Segment Start: Exercise material

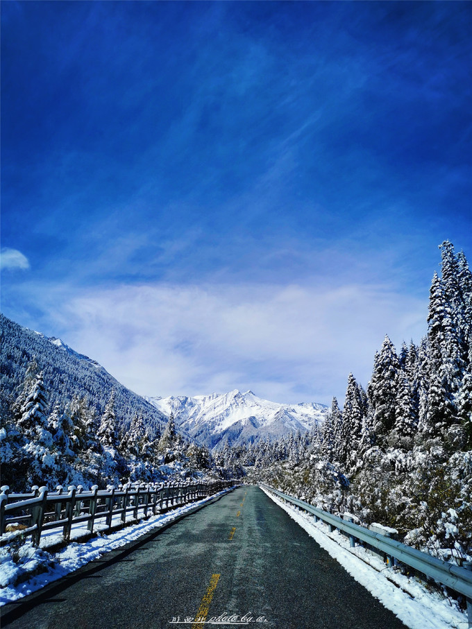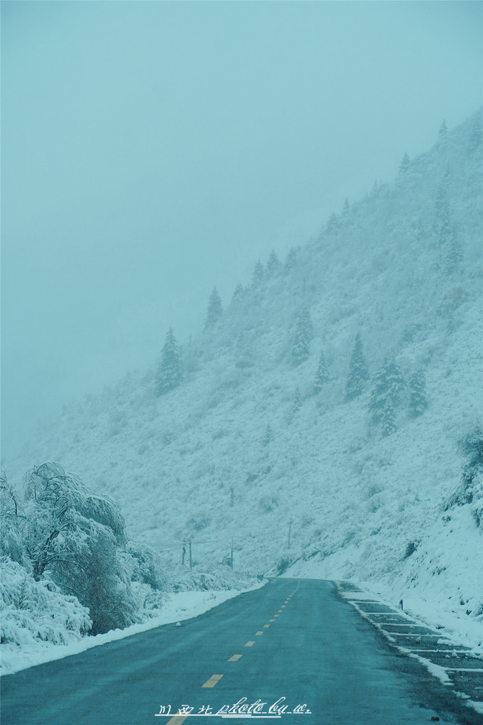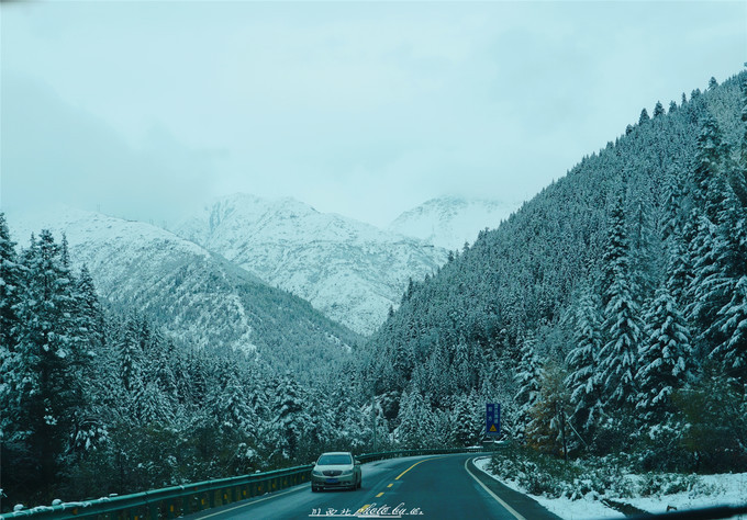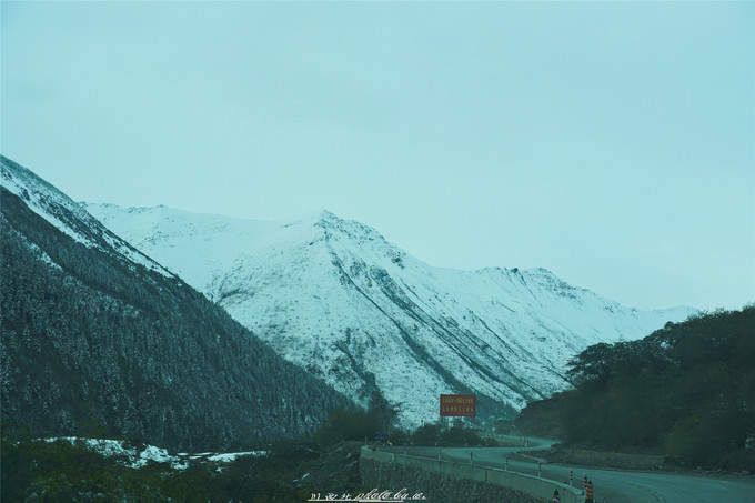 米亚罗镇似乎就是秋与冬的交界线,过了村镇,就进入鹧鸪山了,也逐渐进入雪的世界,沿着杂谷脑河在山谷间曲折前行,两侧山峰白雪覆盖,时而挺拔,时而突兀。
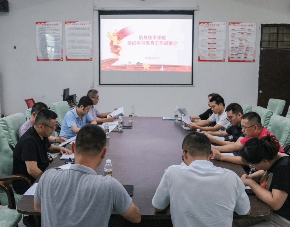 信息技术学院党总支于4月15日召开党纪学习教育部署会,要求全体党员进一步严明政治纪律和政治规矩,时刻保持清醒头脑,做到心中有党、心中有民、心中有责、心中有戒。教工党支部和学生党支部贯彻落实会议和有关文件精神,分别于4月23日和24日开展集中学习,学深悟透习近平总书记关于党纪学习教育的重要讲话和重要指示精神,原汁原味、逐字逐句学习《条例》。
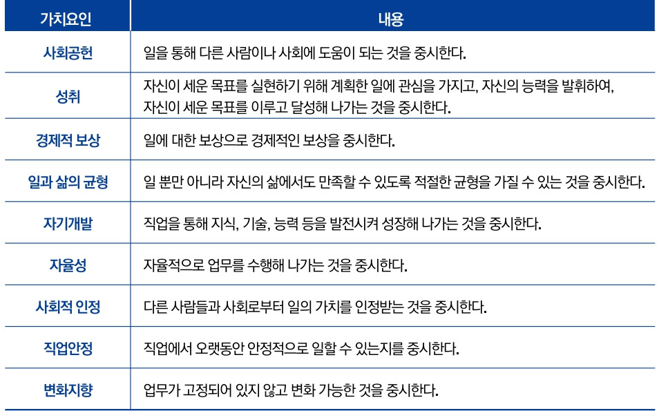 내적 가치(성취, 사회적 공헌, 자기개발, 직업안정, 일과 삶의 균형, 자율성)를 얻고자 하는 사람들은 자신이 ‘좋아하는 일’을 해야 만족을 느낄 수 있다. 따라서 ‘직업흥미’를 기준으로 직업 선택하는 것이 바람직하다.
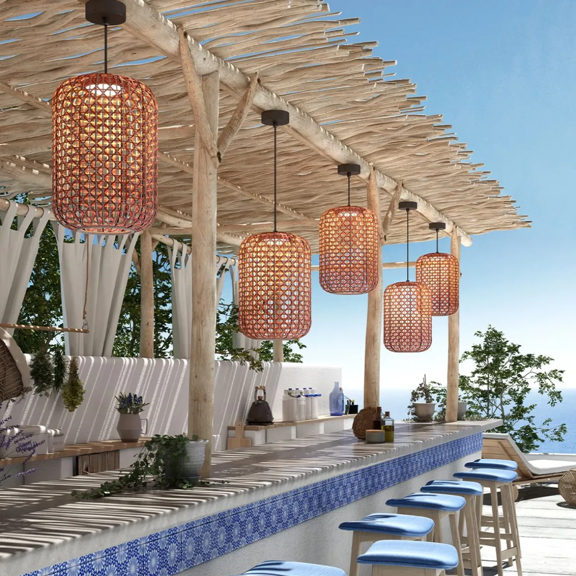 Cala Dans est une petite crique de Cadaquès uniquement par des sentiers pédestres ou par la mer. Un coin préservé de la Méditerranée où la végétation et la veille d’un vieux phare font de ce lien un lien naturel ou l’on n’entend que le bruit de la mer et des oiseaux qui volent au-dessus de la côte. Avec Nans nous avons voulu mettre en valeur le savoir-faire artisanal des abat-jour et chercher une manière différente de tisser en associant différentes couleurs et formats pour créer un véritable style méditerranéen.
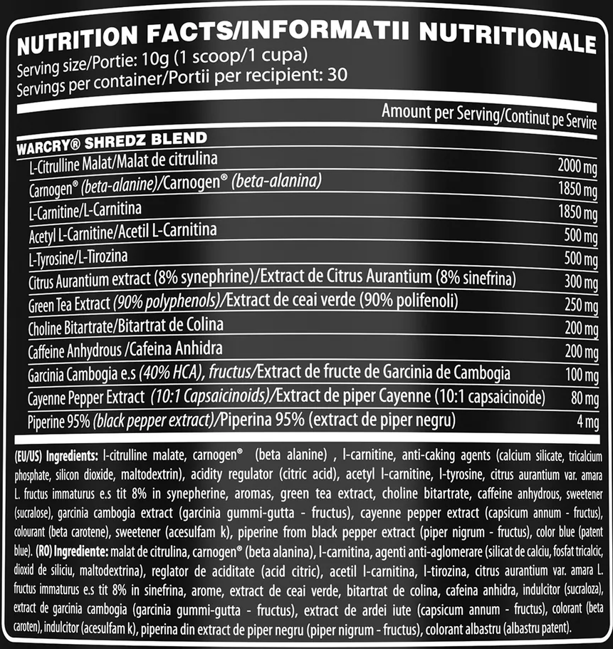 WARCRY® SHREDZ – Ένα καινοτόμο συμπλήρωμα που έχει σχεδιαστεί σχολαστικά για να υποστηρίζει την καύση λίπους και τον σχηματισμό των μυών. Αυτή η ισχυρή φόρμουλα είναι αποτέλεσμα εκτεταμένης έρευνας, σχεδιασμένη να επιταχύνει τον μεταβολισμό, να ενισχύει την ενέργεια και να υποστηρίζει την καύση λίπους. Κάθε συστατικό επιλέγεται για τη δυνατότητά του να συμβάλλει σε κορυφαίες επιδόσεις, είτε στοχεύετε στην τόνωση είτε στην αύξηση της αντοχής σας στα όριά της. Το WARCRY SHREDZ διατίθεται σε μορφή σκόνης, ιδανικό για εύκολη χρήση ως λιποδιαλύτης πριν από την προπόνηση.
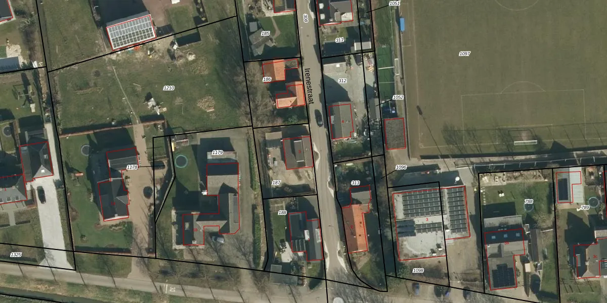 Irenestraat 3 is gelegen op kadastraal perceel HTN05H187. Deze kadastrale aanduiding is uniek en wordt gebruikt door het Kadaster om eigendomsrechten en andere zakelijke rechten vast te leggen. Het perceel maakt onderdeel uit van de kadastrale gemeente Haaften.
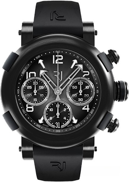 Часы Romain Jerome Arraw Chronograph 42 mm представлены в корпусе из керамики диаметром 42 мм, водонепроницаемость до 100 метров. Внутри корпуса установлен автоматический механизм, Калибр RJ2041. На черном циферблате отображаются часы, минуты, секунды, дата, накопители хронографа. Часы комплектуются каучуковым ремешком с вставкой из титана.
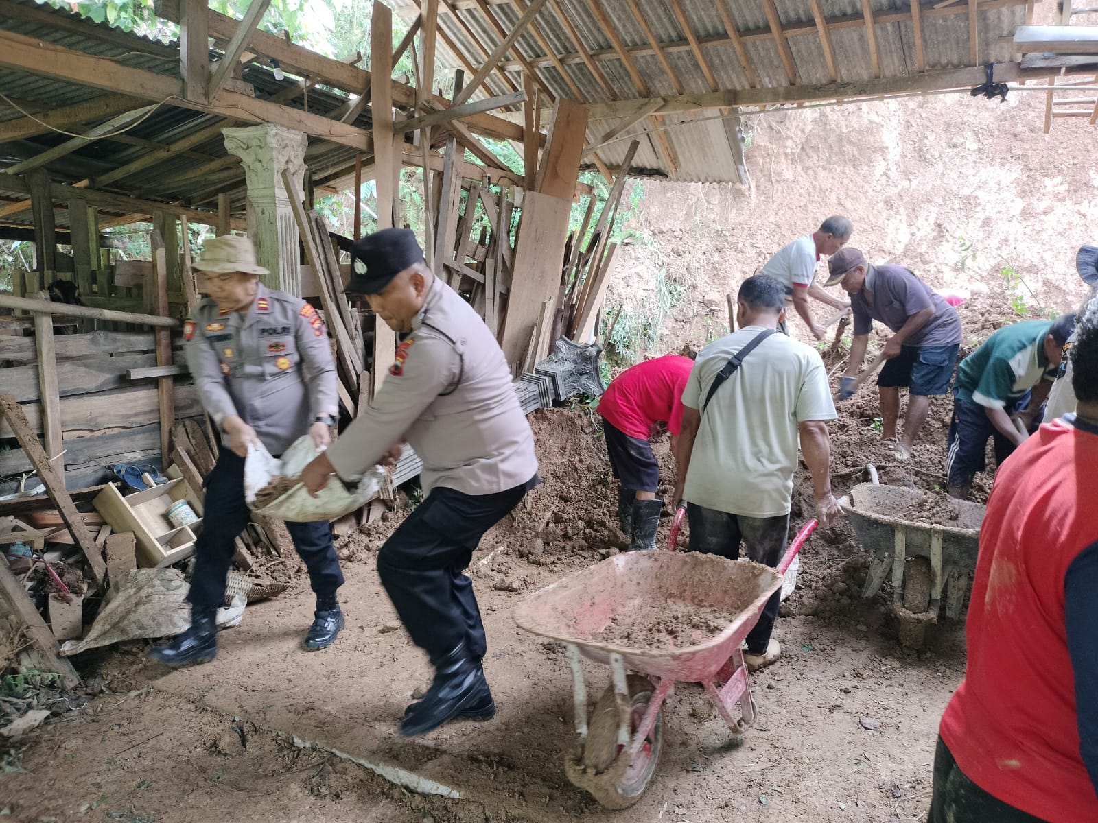 Sejak pagi, personel Polsek Jatipurno bersama unsur Forkopimcam dan masyarakat setempat melakukan kerja bakti membersihkan material longsor yang masuk ke dapur rumah milik Wakidi, warga yang terdampak. Langkah cepat tersebut dilakukan untuk memastikan keamanan lingkungan sekaligus mempercepat pemulihan pascabencana.
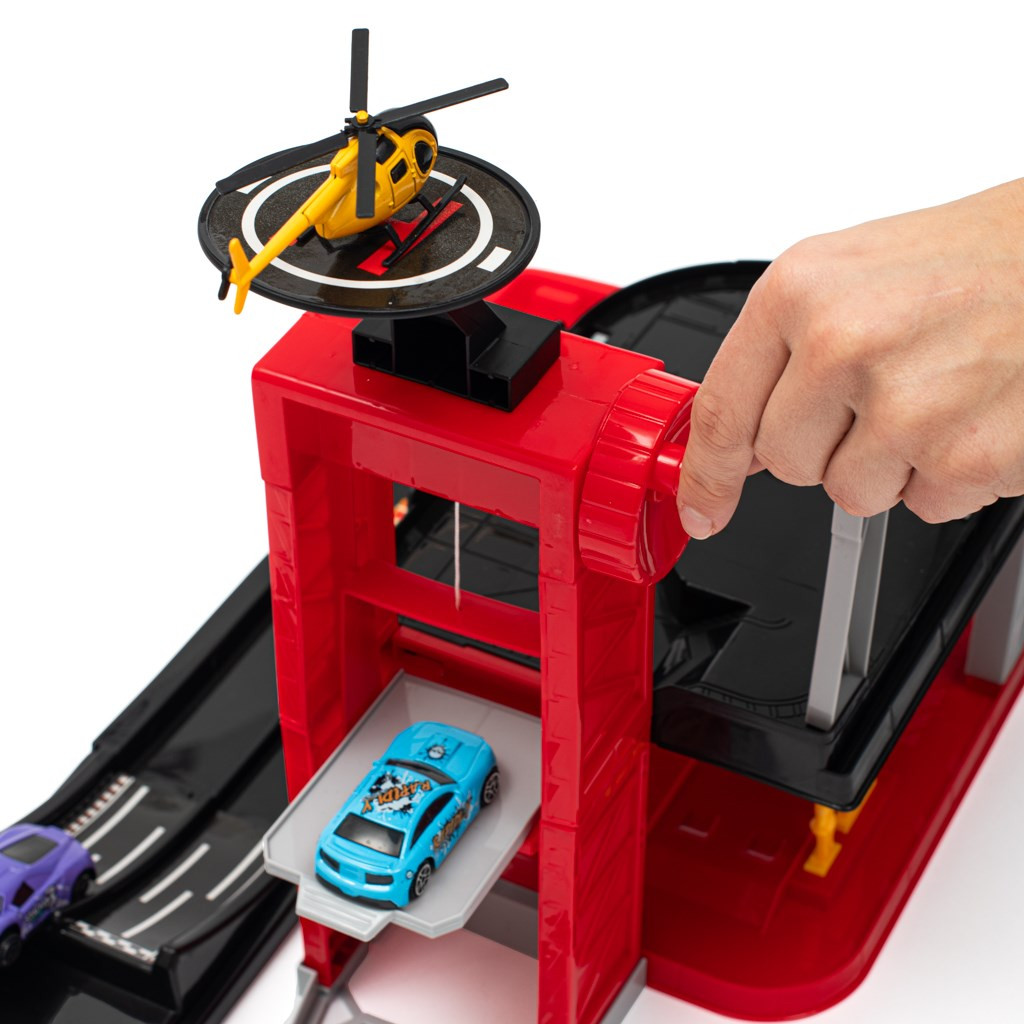 A Baby Mix gyermek parkoló lifttel, benzinkúttal és helikopterrel órákig tartó szórakozást garantál a gyerekeknek. A parkoló méretei: 60 x 33 x 29 cm, ami ideális játékra a padlón vagy az asztalon. Az egész készlet úgy van kialakítva, hogy serkentse a gyerekek fantáziáját, támogassa a finommotoros készségek fejlődését, és biztonságos környezetet nyújtson a játékhoz.
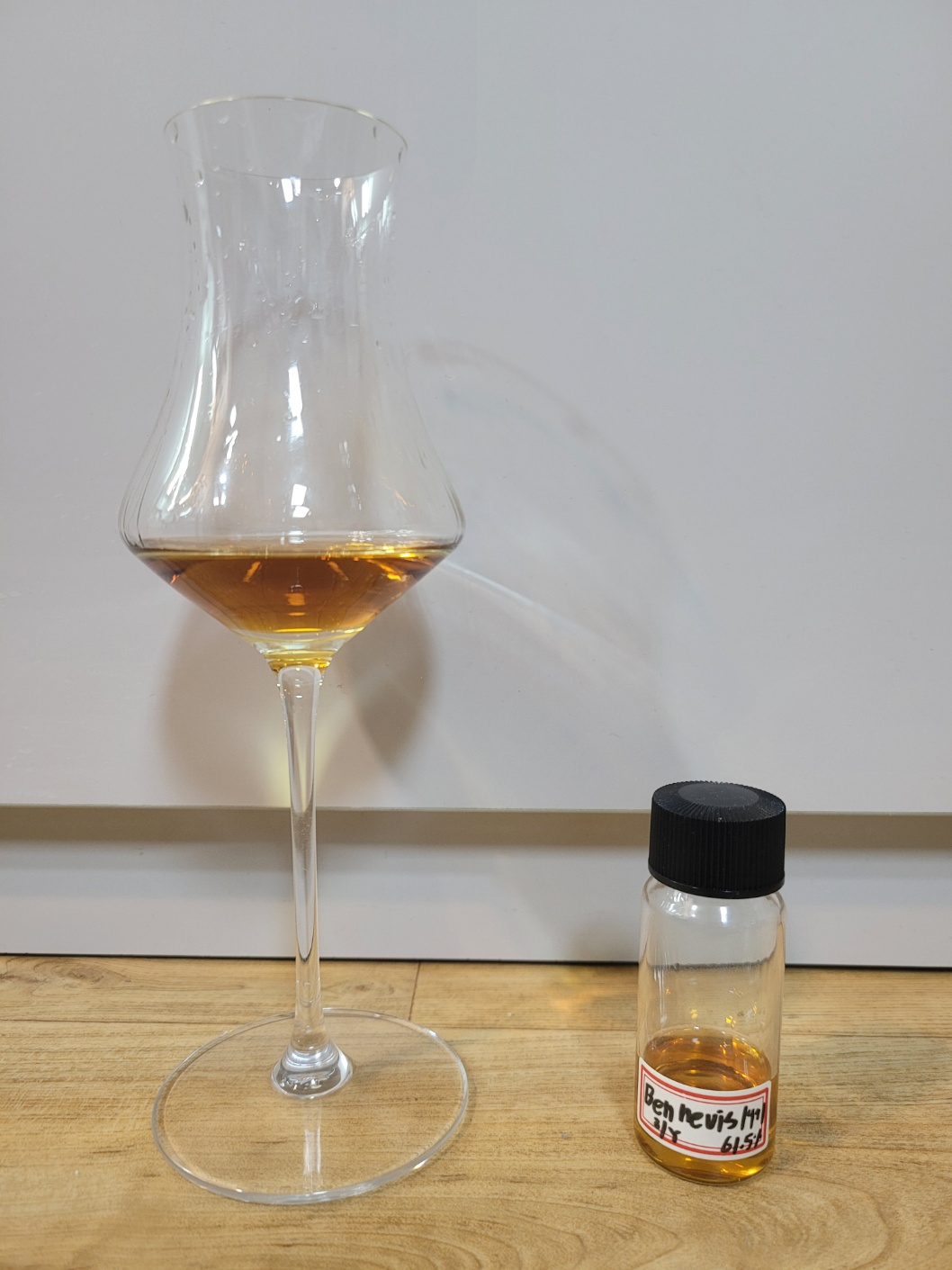 향: 향이 닫혀있어 풍부한 에스테르와 오크정도만이 느껴진다. 공기와의 접촉이 최소 30분을 지나면서 커피맛 스카치 캔디, 토피넛, 살짝 탄 캐러멜, 얼그레이 피칸 파이, 버터를 잔뜩 넣은 크루아상 따위가 은은하게 올라온다. 벤 네비스 스피릿 특유의 요거트스러운 젖산 발효취는 오랜 기간의 오크터치로 인해 약간의 꼬릿함을 가진 스모크 치즈를 연상케 한다. 오랜 숙성기간에도 불구하고 갱지 같은 몰트 뉘앙스가 어느 정도 살아있다. 세무 가죽, 썩기 시작하는 낙엽, 축축한 흙내음 등 다소 더티한 느낌이 있다.
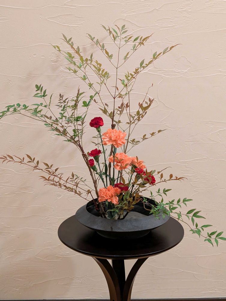 谷津山にて南天もあるので収穫オレンジカーネーションを菊に替えて、ミニカーネーションで練習してみます
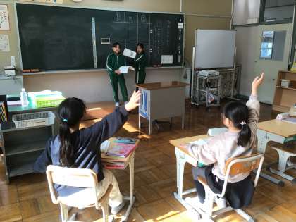 2年生は国語で「あなのやくわり」の学習をしています。2人が先生代わりになり、「はじめ」「なか」「おわり」がどこで変わるのかについて、意見を聞いていました。

Segment End: Exercise material

What this task involves
An exact copy of every line above is needed, without the images.

Answer box
 米亚罗镇似乎就是秋与冬的交界线,过了村镇,就进入鹧鸪山了,也逐渐进入雪的世界,沿着杂谷脑河在山谷间曲折前行,两侧山峰白雪覆盖,时而挺拔,时而突兀。
 信息技术学院党总支于4月15日召开党纪学习教育部署会,要求全体党员进一步严明政治纪律和政治规矩,时刻保持清醒头脑,做到心中有党、心中有民、心中有责、心中有戒。教工党支部和学生党支部贯彻落实会议和有关文件精神,分别于4月23日和24日开展集中学习,学深悟透习近平总书记关于党纪学习教育的重要讲话和重要指示精神,原汁原味、逐字逐句学习《条例》。
 내적 가치(성취, 사회적 공헌, 자기개발, 직업안정, 일과 삶의 균형, 자율성)를 얻고자 하는 사람들은 자신이 ‘좋아하는 일’을 해야 만족을 느낄 수 있다. 따라서 ‘직업흥미’를 기준으로 직업 선택하는 것이 바람직하다.
 Cala Dans est une petite crique de Cadaquès uniquement par des sentiers pédestres ou par la mer. Un coin préservé de la Méditerranée où la végétation et la veille d’un vieux phare font de ce lien un lien naturel ou l’on n’entend que le bruit de la mer et des oiseaux qui volent au-dessus de la côte. Avec Nans nous avons voulu mettre en valeur le savoir-faire artisanal des abat-jour et chercher une manière différente de tisser en associant différentes couleurs et formats pour créer un véritable style méditerranéen.
 WARCRY® SHREDZ – Ένα καινοτόμο συμπλήρωμα που έχει σχεδιαστεί σχολαστικά για να υποστηρίζει την καύση λίπους και τον σχηματισμό των μυών. Αυτή η ισχυρή φόρμουλα είναι αποτέλεσμα εκτεταμένης έρευνας, σχεδιασμένη να επιταχύνει τον μεταβολισμό, να ενισχύει την ενέργεια και να υποστηρίζει την καύση λίπους. Κάθε συστατικό επιλέγεται για τη δυνατότητά του να συμβάλλει σε κορυφαίες επιδόσεις, είτε στοχεύετε στην τόνωση είτε στην αύξηση της αντοχής σας στα όριά της. Το WARCRY SHREDZ διατίθεται σε μορφή σκόνης, ιδανικό για εύκολη χρήση ως λιποδιαλύτης πριν από την προπόνηση.
 Irenestraat 3 is gelegen op kadastraal perceel HTN05H187. Deze kadastrale aanduiding is uniek en wordt gebruikt door het Kadaster om eigendomsrechten en andere zakelijke rechten vast te leggen. Het perceel maakt onderdeel uit van de kadastrale gemeente Haaften.
 Часы Romain Jerome Arraw Chronograph 42 mm представлены в корпусе из керамики диаметром 42 мм, водонепроницаемость до 100 метров. Внутри корпуса установлен автоматический механизм, Калибр RJ2041. На черном циферблате отображаются часы, минуты, секунды, дата, накопители хронографа. Часы комплектуются каучуковым ремешком с вставкой из титана.
 Sejak pagi, personel Polsek Jatipurno bersama unsur Forkopimcam dan masyarakat setempat melakukan kerja bakti membersihkan material longsor yang masuk ke dapur rumah milik Wakidi, warga yang terdampak. Langkah cepat tersebut dilakukan untuk memastikan keamanan lingkungan sekaligus mempercepat pemulihan pascabencana.
 A Baby Mix gyermek parkoló lifttel, benzinkúttal és helikopterrel órákig tartó szórakozást garantál a gyerekeknek. A parkoló méretei: 60 x 33 x 29 cm, ami ideális játékra a padlón vagy az asztalon. Az egész készlet úgy van kialakítva, hogy serkentse a gyerekek fantáziáját, támogassa a finommotoros készségek fejlődését, és biztonságos környezetet nyújtson a játékhoz.
 향: 향이 닫혀있어 풍부한 에스테르와 오크정도만이 느껴진다. 공기와의 접촉이 최소 30분을 지나면서 커피맛 스카치 캔디, 토피넛, 살짝 탄 캐러멜, 얼그레이 피칸 파이, 버터를 잔뜩 넣은 크루아상 따위가 은은하게 올라온다. 벤 네비스 스피릿 특유의 요거트스러운 젖산 발효취는 오랜 기간의 오크터치로 인해 약간의 꼬릿함을 가진 스모크 치즈를 연상케 한다. 오랜 숙성기간에도 불구하고 갱지 같은 몰트 뉘앙스가 어느 정도 살아있다. 세무 가죽, 썩기 시작하는 낙엽, 축축한 흙내음 등 다소 더티한 느낌이 있다.
 谷津山にて南天もあるので収穫オレンジカーネーションを菊に替えて、ミニカーネーションで練習してみます
 2年生は国語で「あなのやくわり」の学習をしています。2人が先生代わりになり、「はじめ」「なか」「おわり」がどこで変わるのかについて、意見を聞いていました。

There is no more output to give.